Frequency-domain native image processing. Operates directly on JPEG DCT coefficients, skipping the pixel decode step entirely.
JPEG images are already stored as DCT coefficients. Decoding to pixels just to blur/sharpen/adjust is wasteful.

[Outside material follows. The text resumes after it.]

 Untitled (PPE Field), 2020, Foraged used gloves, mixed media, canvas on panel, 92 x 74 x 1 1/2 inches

DCT-Vision works directly on the coefficients -- many operations become simple multiplications instead of expensive convolutions.
Benchmarked on 1024x1024 JPEG (operation time only, image already loaded):
| Operation | DCT-Vision | Pillow | OpenCV | vs Pillow | vs OpenCV |
|---|---|---|---|---|---|
| Blur | 2.0ms | 21.1ms | 1.2ms | 10.5x | 0.6x |
| Sharpen | 1.9ms | 19.3ms | 2.9ms | 10.1x | 1.5x |
| Brightness | 0.2ms | 5.3ms | 5.6ms | 26.5x | 28.0x |
| Contrast | 0.6ms | 14.5ms | 15.4ms | 24.2x | 25.7x |
| Noise | 13.6ms | 58.4ms | 53.5ms | 4.3x | 3.9x |
| Edge detect | 0.8ms | 11.6ms | 0.9ms | 14.5x | 1.1x |
Full pipeline (load + flip + brightness + noise + save, 1024x1024):
- DCT-Vision: 83ms | Pillow: 117ms | OpenCV: 107ms
pip install dct-visionfrom dct_vision.core.dct_image import DCTImage
from dct_vision.ops.blur import blur
from dct_vision.ops.color import adjust_brightness
# Load JPEG (extracts DCT coefficients directly, no pixel decode)

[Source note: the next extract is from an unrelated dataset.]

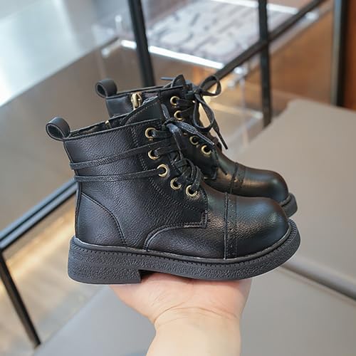 IWIHMIV Girls Ankle Boots Kids Non Slip Lace up Fashion Leather Booties with Zipper Toddler Girls Riding Boots 5

img = DCTImage.from_file("photo.jpg")
# Process in frequency domain
img = blur(img, sigma=2.0)
img = adjust_brightness(img, offset=20)
# Save (writes coefficients directly, no pixel encode)

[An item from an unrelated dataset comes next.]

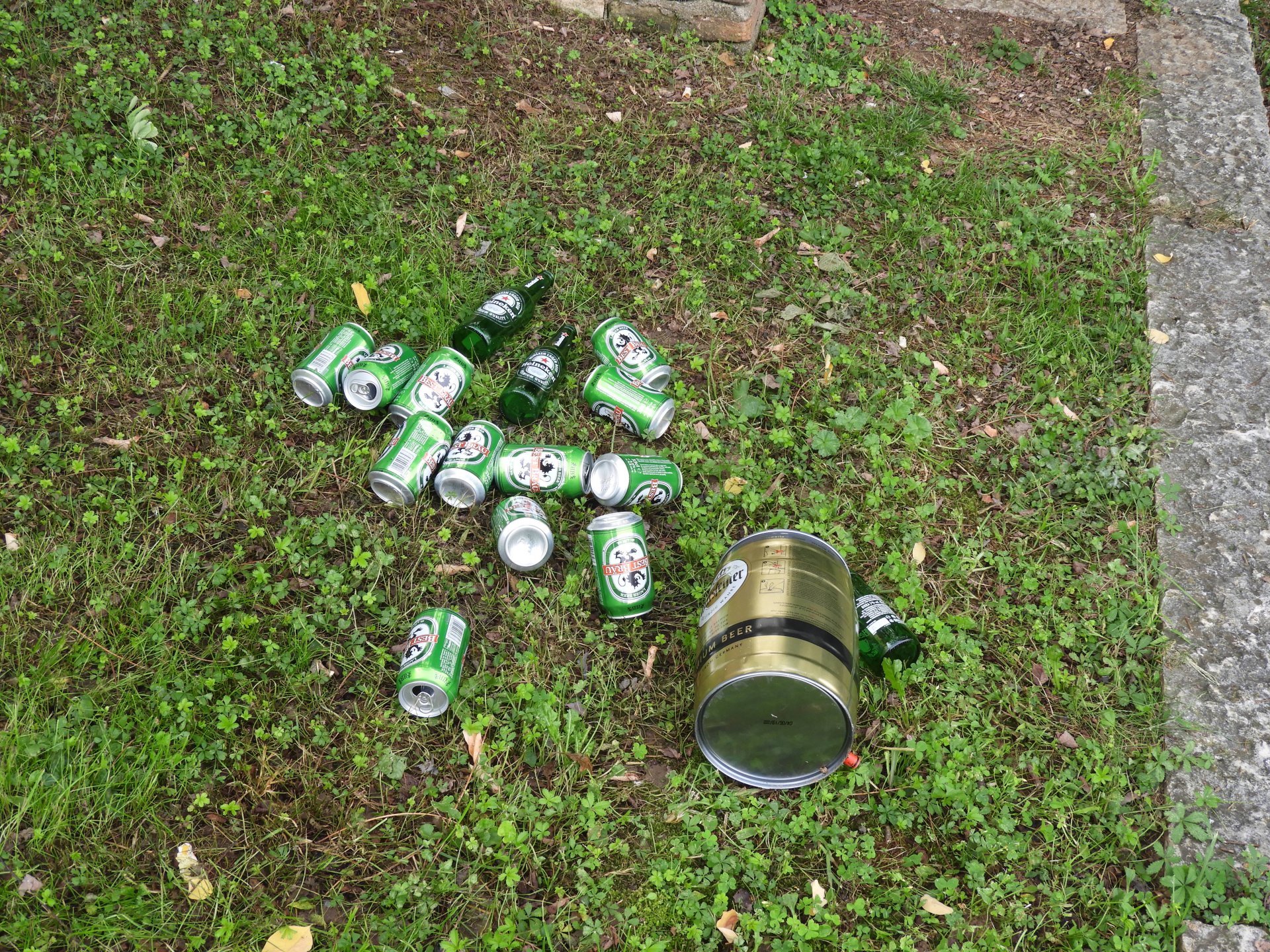 Lattine e bottiglie di superalcolici sparse per tutto il parco

img.save("output.jpg")dv blur photo.jpg -o blurred.jpg --sigma 2.0
dv sharpen photo.jpg -o sharp.jpg --amount 1.5
dv brightness photo.jpg -o bright.jpg --offset 30
dv contrast photo.jpg -o contrast.jpg --factor 1.5
dv downscale photo.jpg -o small.jpg --factor 2
dv edges photo.jpg -o edges.jpg --method laplacian
dv info photo.jpg --json
dv quality photo.jpg
dv convert input.png -o output.jpg --quality 85
dv augment photo.jpg -o aug.jpg --flip horizontal --noise 3.0 --seed 42from dct_vision.core.dct_image import DCTImage
from dct_vision.augment.flip import horizontal_flip
from dct_vision.augment.jitter import brightness_jitter
from dct_vision.augment.noise import gaussian_noise
img = DCTImage.from_file("train/img_001.jpg")
img = horizontal_flip(img)
img = brightness_jitter(img, max_offset=20, seed=42)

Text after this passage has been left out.